The Feud Between DMX And Ja Rule Explained

Rap and beefs: blood brothers to the end. Hip-hop has been full of petty rivalries, foolish fronts, and full-on feuds as much as it’s been a source of solidarity and community for millions. DOOM wasn’t joking (ok, he was joking) when he wrote “Beef Rapp” on 2004’s MM..Food, with lines such as the opener, “Beef rap, could lead to getting teeth capped” to act as a grimly tongue-in-cheek critique of gun-based solutions to beefs between rappers, in this case analogized to tooth decay.

DMX, son of Yonkers, New York, and hip-hop’s most likely verse barker, has himself been embroiled in beefs, disputes, put-downs, and send-ups as well. DMX erupted into popular culture in 1998 with three No. 1 albums in two years (per Stop the Breaks), and since then he’s struggled with numerous arrests (per Phoenix News Times), drug addiction (per Billboard), bankruptcy, tax evasion (per The Guardian), and jail plus rehab (per NME).

Most popularly, DMX had a long-standing beef with Ja Rule, who had a beef with Jay-Z, who of course beefed with DMX, like a giant, overdone meatring. Are these kinds of beefs an offshoot of the gruff self-aggrandizement that goes hand-in-hand with the tradition of rap battles? Or does it go deeper into the roots of dog-eat-dog socioeconomics that sadly characterizes the place, geographically and mentally, where some hip-hop artists come from? Thankfully, in the case of DMX and Ja Rule, their beef remained only one of words. 

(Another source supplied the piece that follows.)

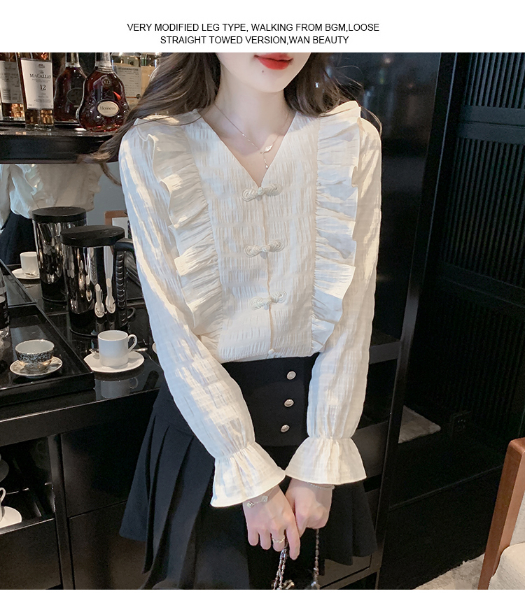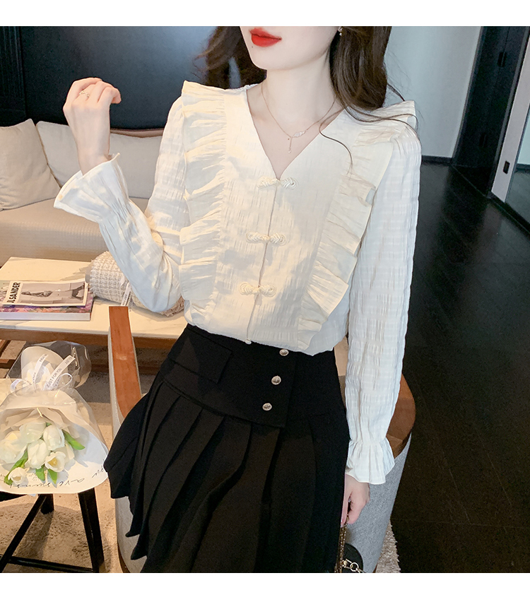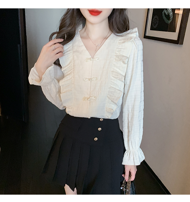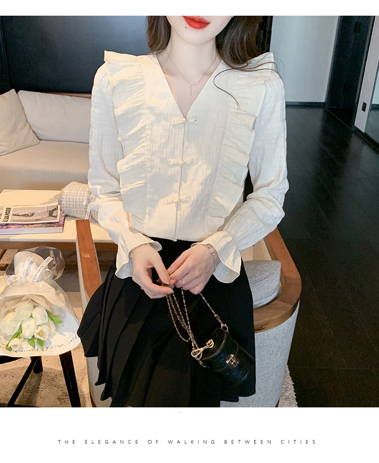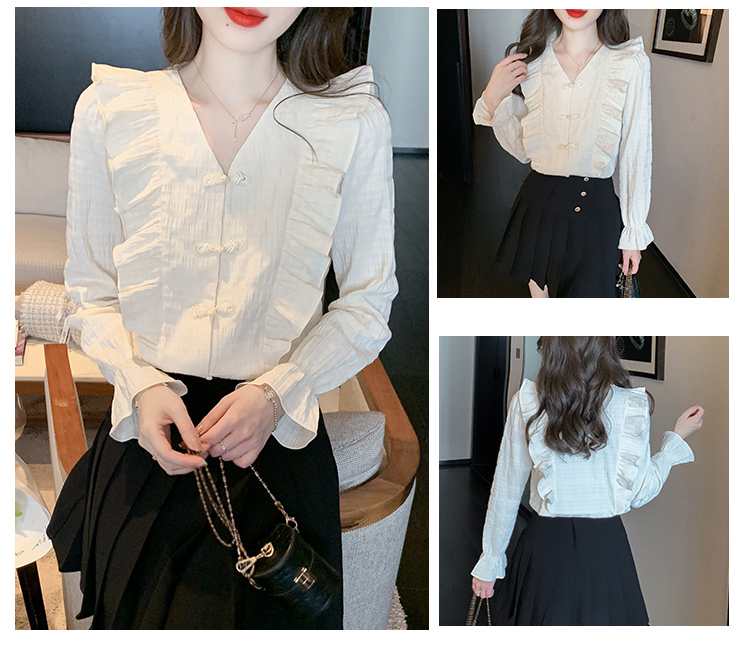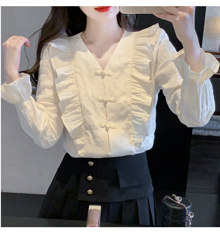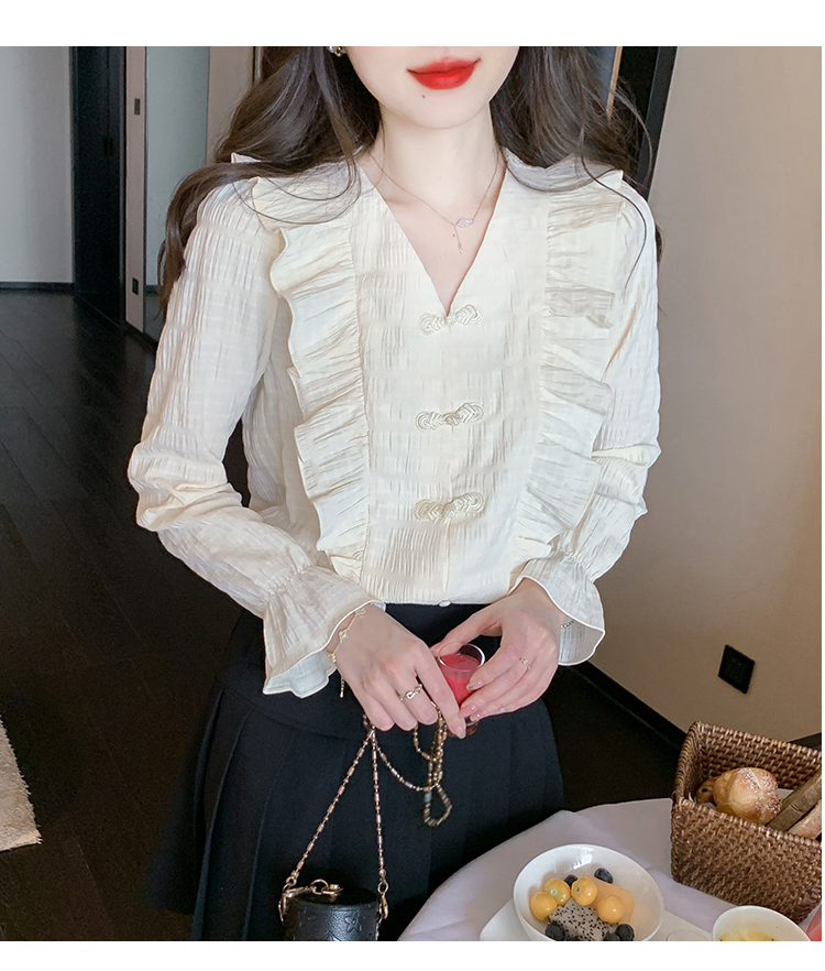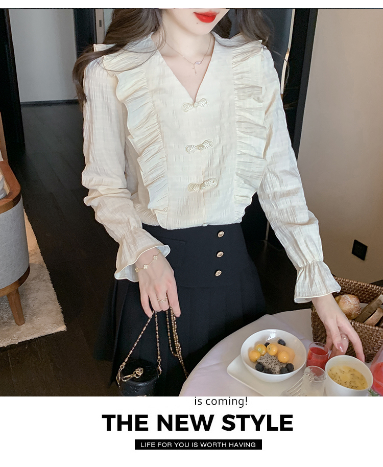 限量特惠|法式荷葉邊V領盤扣造型雪紡衫(02M2546)

DMX and others believed that Ja Rule ripped off DMX's verbal style

“I had never had beef… If I had beef with Ja Rule, man, there wouldn’t be a Ja Rule.” Such were DMX’s words in a 2005 interview archived on YouTube. Shortly after, DMX slides into the same brutal growl-bark that garnered him his fame in the late 1990s. That sound of DMX’s — the hyper-aggressive vocal fry — made him instantly recognizable. And as soon as Ja Rule hit the scene with 1999’s Venni Vetti Vecci, the year after DMX’s debut It’s Dark and Hell is Hot, pretty much everyone cocked their heads and said, “Hey, this guy sounds like DMX.” And it’s undeniably true. A quick revisit to Venni Vetti Vecci (and later albums) illuminates exactly why lots of folks — including DMX, contrary to his former statement — said that Ja Rule was not only engaging in the proverbial highest form of flattery, imitation, but straight-up ripping DMX off.

Way back in 2002, DMX described on HipHopDX how he and Ja Rule had come to a common understanding out of the public eye. At the time, DMX was more concerned that Ja Rule’s fame had gone to his head, and that Ja Rule didn’t reciprocate the kind of courtesy that DMX once showed him when Ja Rule was merely up-and-coming. Officially, DMX and Ja Rule ended their beef at the VH1 Hip Hop Honors in 2009, per All Hip Hop, when they posed for pictures.